A wartime ice cream made from goats milk will soon be back on sale at Kettering’s Wicksteed Park.
The popular ice cream, a rarity because of rationing, was sold from the park’s ice cream parlour in the pavilion.
The unique recipe was created during the Second World War when the park brought in a herd of goats in order to obtain milk for ice cream during the conflict.
But a version of it will be back on sale from April 6. Wicksteed Park say it will be “as close to the original as possible” using a traditional wartime recipe with a few modifications to meet new legislations.
It marks the return of Wicksteed Park ice cream almost 20 years after their factory closed in 2001 because the costs to upgrade equipment were too high.
Rachel James, head of sales and marketing at Wicksteed Park, said: “Almost two decades since our factory closed, we are proud to announce that the ice cream will be based on the original recipe and is once again available to purchase here at Wicksteed Park.
“We know how much our customers have loved this throughout the years, so we’re excited to be able to bring a touch of history back and remind some of our long serving visitors of the unique taste.

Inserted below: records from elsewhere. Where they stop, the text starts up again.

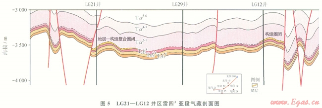 四川盆地雷口坡組大多數(shù)氣藏圈閉類型為構(gòu)造圈閉,根據(jù)雷四3亞段a小段地層、沉積微相、儲(chǔ)層對(duì)比分析、巖心物性分析和測(cè)井綜合解釋成果、綜合鉆井測(cè)試、氣水分布特征、地震儲(chǔ)層預(yù)測(cè)成果和構(gòu)造分析,認(rèn)為雷四3亞段氣藏圈閉類型較為復(fù)雜,在大型地層尖滅的背景上,受構(gòu)造、斷層和巖性變化影響,發(fā)育地層 構(gòu)造、巖性 構(gòu)造、構(gòu)造等多種圈閉類型(圖5、6)。
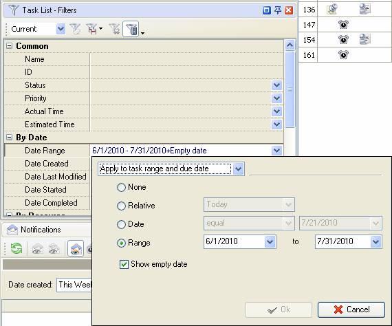 - To show tasks for a certain period, on panel “Task List – Filters” in filed “By Date” select date range for tasks you would like to display, for example from 06/1/2010 to 06/30/2010
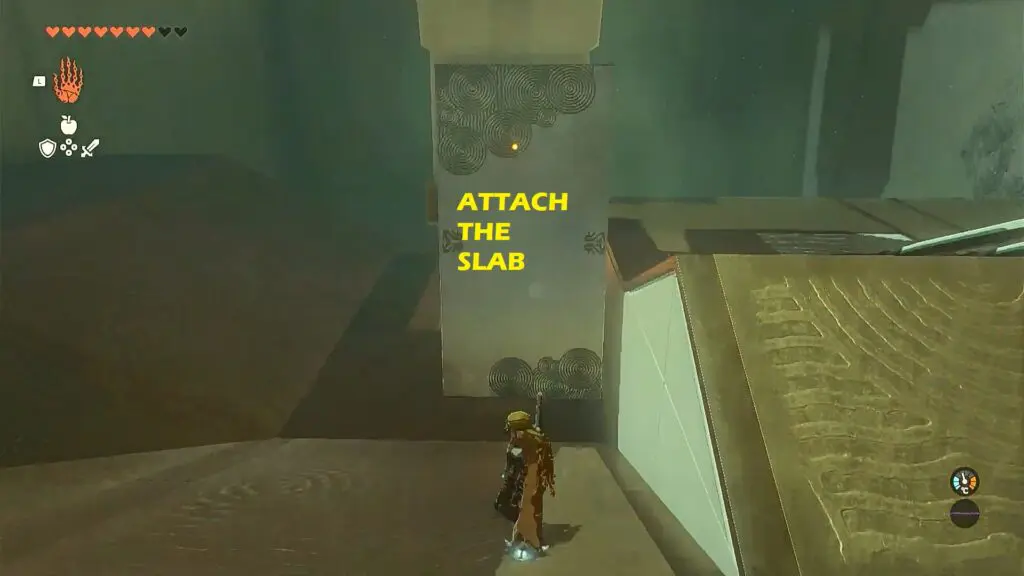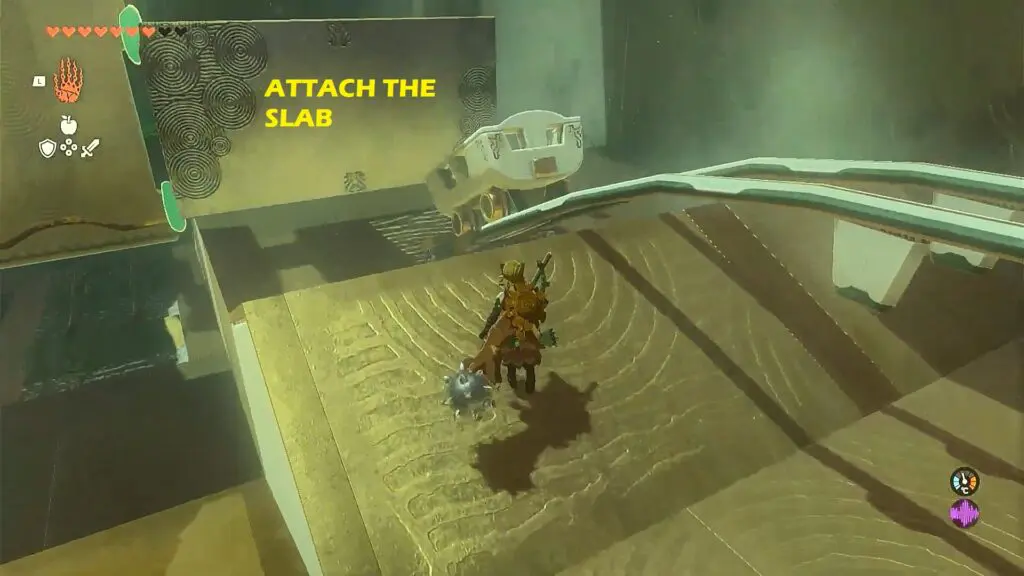 Proceed ahead into the next room. Grab the slab there and attach it to the bottom of the paddle as shown in the picture below. Use the Ultrahand ability to lift the paddle as shown in the second picture below and then release it. As it comes down, it will hit the ball, pushing it forward. The ball will go and fall into the hole ahead, opening the iron gate. A cart will come out from the iron gate and roll down to the bottom of the rails.

“What’s more you’ll have a choice of two flavours - vanilla and raspberry ripple.”
The original Wicksteed Park ice cream factory had opened in 1955 to keep up with the demand of the sweet delight.
To make the new ice cream the park has teamed up with two local businesses.
Family firm Ganders Goat, based in Cottingham near Corby, will join Wicksteed Park to produce the ice cream and Northampton’s Gallones will help with the set-up of the parlour.